The trial court found from the evidence presented at the hearing that Butler had wilfully and consciously failed to comply with court orders compelling discovery " 'The trial court is the trier of fact and its finding of wilfulness from the evidence presented will not be reversed where there is any evidence to support it.' " Oliff v. Smith, 214 Ga. App. 358, 359 (447 SE2d 707) (1994). The hearing before the trial court showed evidence of a wilful and conscious disregard for the orders of the trial court as well as for the judicial process. Among other evidence, the record shows that Butler failed to comply with the court order of November 8, 1994, by failing to: (1) respond to a request for production of documents served in November 1993; (2) segregate all documents produced and to be produced according to the number of the request for production to which each document was responsive; (3) appear for his deposition; and (4) pay $1,500 to plaintiff for attorney fees within 15 days.
Additionally, there is evidence that the response which was finally provided to the request for production was fabricated and back-dated. Further, Butler gave the appearance of complying with the court's order to number the documents produced and segregate and identify them in response to requests for production served in June 1993; however, he simply numbered the documents and then listed the entire range of such documents as responsive. The trial court found the documents were not responsive.
Butler's disregard for the judicial process was further evidenced by his course of delaying the underlying case. Butler's failure to comply with legitimate discovery requests resulted in time-consuming status conferences and sanction hearings. Furthermore, although Butler moved to add third-party defendant HBO, Inc. in 1993, he waited until January 1995 and then sought a continuance to do so. Finally, on the eve of trial, Butler filed for bankruptcy which stayed the action until the bankruptcy court allowed it to continue.

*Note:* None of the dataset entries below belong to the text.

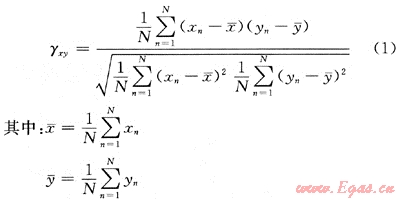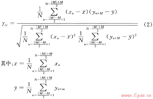M是Yn相對于Xn的深度差(采樣點(diǎn)數(shù)差),式(2)在M<<N時(shí)適用。以M為變量,在適當(dāng)?shù)乃阉鞔伴L內(nèi)變化,則當(dāng)M正好為yn相對于xn的實(shí)際深度差時(shí),計(jì)算得到的γxy應(yīng)為最大。以此反推,在搜索窗長范圍內(nèi),當(dāng)計(jì)算的相關(guān)系數(shù)最大時(shí),M即為yn相對于xn的實(shí)際深度差(采樣點(diǎn)數(shù)差)。
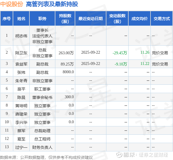 中设股份近半年内的董监高及核心技术人员增减持详情如下:
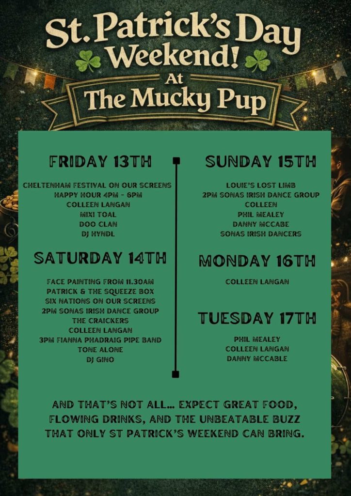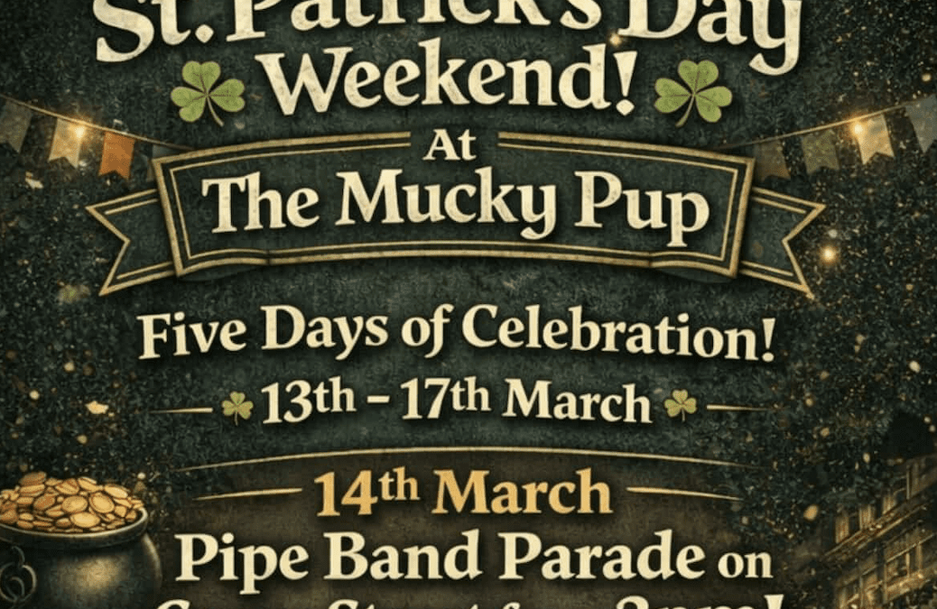 🍀 Get ready for five days of St Patrick’s celebrations at The Mucky Pup, packed with live music, Irish dancing, big sport on the screens, and plenty of great craic.
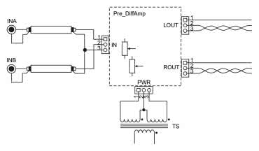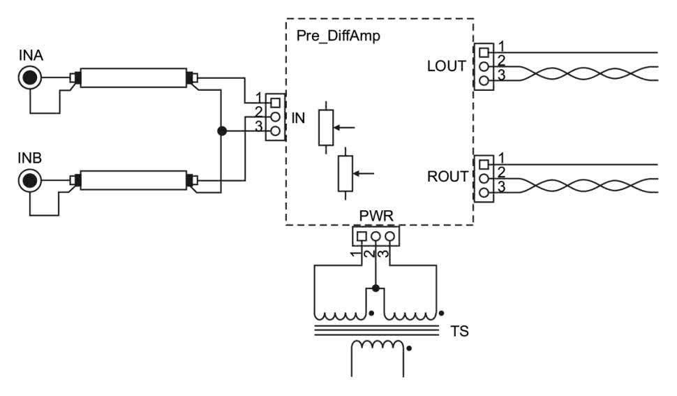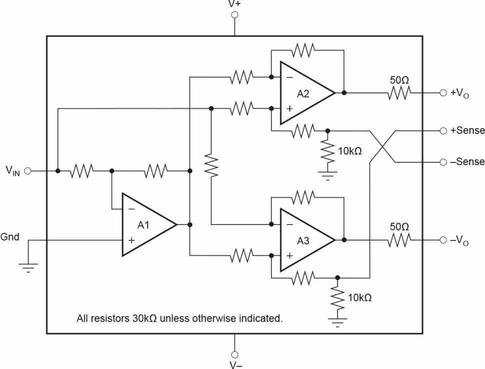 W układzie zastosowano specjalizowane nadajniki linii symetrycznej DRV134 firmy Texas Instruments (zamiennikami są wycofane, ale jeszcze dostępne SSM2142 oraz wciąż produkowane THAT1646). Niesymetryczny sygnał audio trafia ze złącza IN poprzez potencjometr RV1 (odpowiedzialny za regulację poziomu) do układów U1L/R, w których odbywa się symetryzacja sygnału. Strukturę wewnętrzną DRV134 pokazano schematycznie na rysunku 2. Dzięki kalibracji rezystorów w obwodach odwracaczy nie trzeba martwić się o błąd symetrii sygnału. Duża wydajność prądowa, odporność na zwarcia wyjścia oraz możliwość pracy z silnymi sygnałami wejściowymi i wyjściowymi idealnie pasują do zastosowania opisywanego układu w roli odwracacza/symetryzatora oraz przedwzmacniacza sterującego symetrycznym wejściem końcówki mocy.
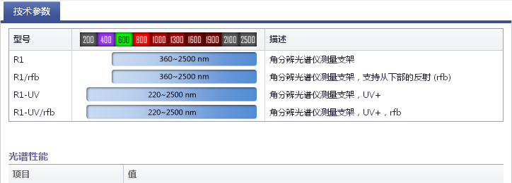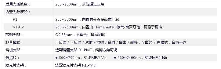 2 最寬 250~2500nm 譜段 R1 角分辨光譜儀內置氘氣 / 鹵素光源,結合Polka 分束鏡,并選取消除色差的 Fluorite 螢石晶體透鏡,提供 250~2500nm 超寬波段光譜測量;
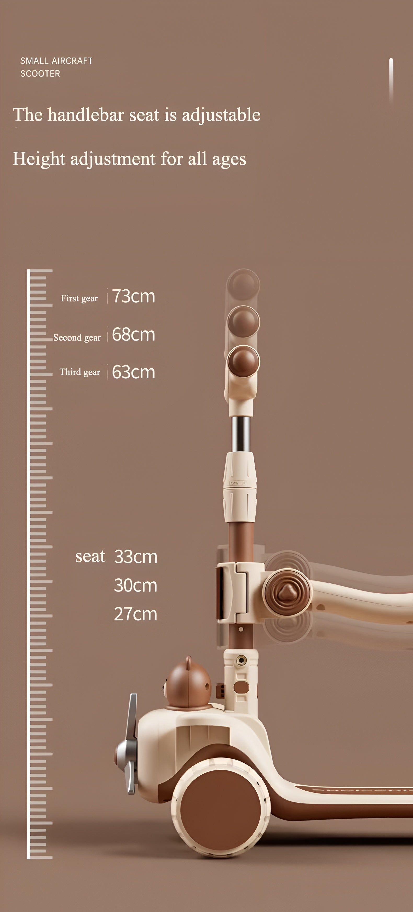 Scooters with Seat,The seat of this scooter is movable, your child can choose to sit or stand,The two pattern can be changed at any time to meet the needs of any age,Scooters with seats are suitable for children aged 2-6, and scooters without seats are suitable for children aged 2-12,The seat is very beautiful, no burrs, and there are anti-slip particles on the surface, so your child won't flip over when turning corners.
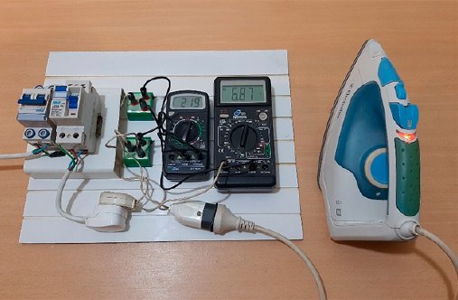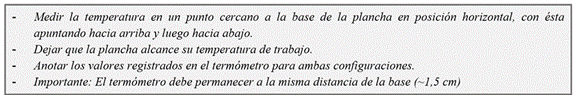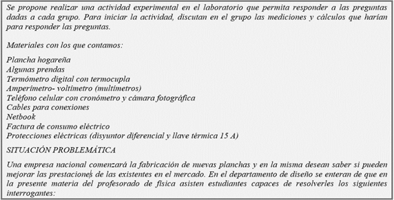 Si bien en la plancha puede estar indicada la potencia eléctrica, se consideró conveniente, junto a los estudiantes, determinarla con amperímetro y voltímetro. Por un lado, es posible que la plancha no tenga las características técnicas a la vista y, por otro lado, la potencia indicada puede diferir de la real (además ésta depende de la tensión eléctrica, la que suele tener variaciones). En este artefacto, para el circuito eléctrico puede considerarse un modelo puramente resistivo, lo cual podría ser una ventaja al simplificar el cálculo para corriente alterna.

Contrary to Butler's contentions, the sanction of default is not limited to those instances where a party fails to respond at all to discovery. OCGA 9-11-37 authorizes the court to impose the sanction of default or dismissal if a party wilfully "fails to obey an order to provide or permit discovery." A party who intentionally fails to comply fully with a court order may be subject to the harshest of sanctions. See Joel v. Duet Holdings, 181 Ga. App. 705 (353 SE2d 548) (1987) (defensive pleadings struck where party only partially complied with court order). In this case, Butler's conduct shows a wilful failure to comply with the trial court's order. We cannot say the trial court erred in striking Butler's pleadings and entering default judgment against him as sanctions for discovery abuse under the facts of this case.
Nall, Miller, Owens, Hocutt & Howard, Robert L. Goldstucker, Kelly E. Malone, for appellees.
1  Butler is an attorney licensed to practice in Georgia. Throughout this case, Butler represented himself alone or with co-counsel.
Jones, Copeland, Lefkowitz & Greer, Taylor W. Jones, Rebecca A. Copeland, for appellant.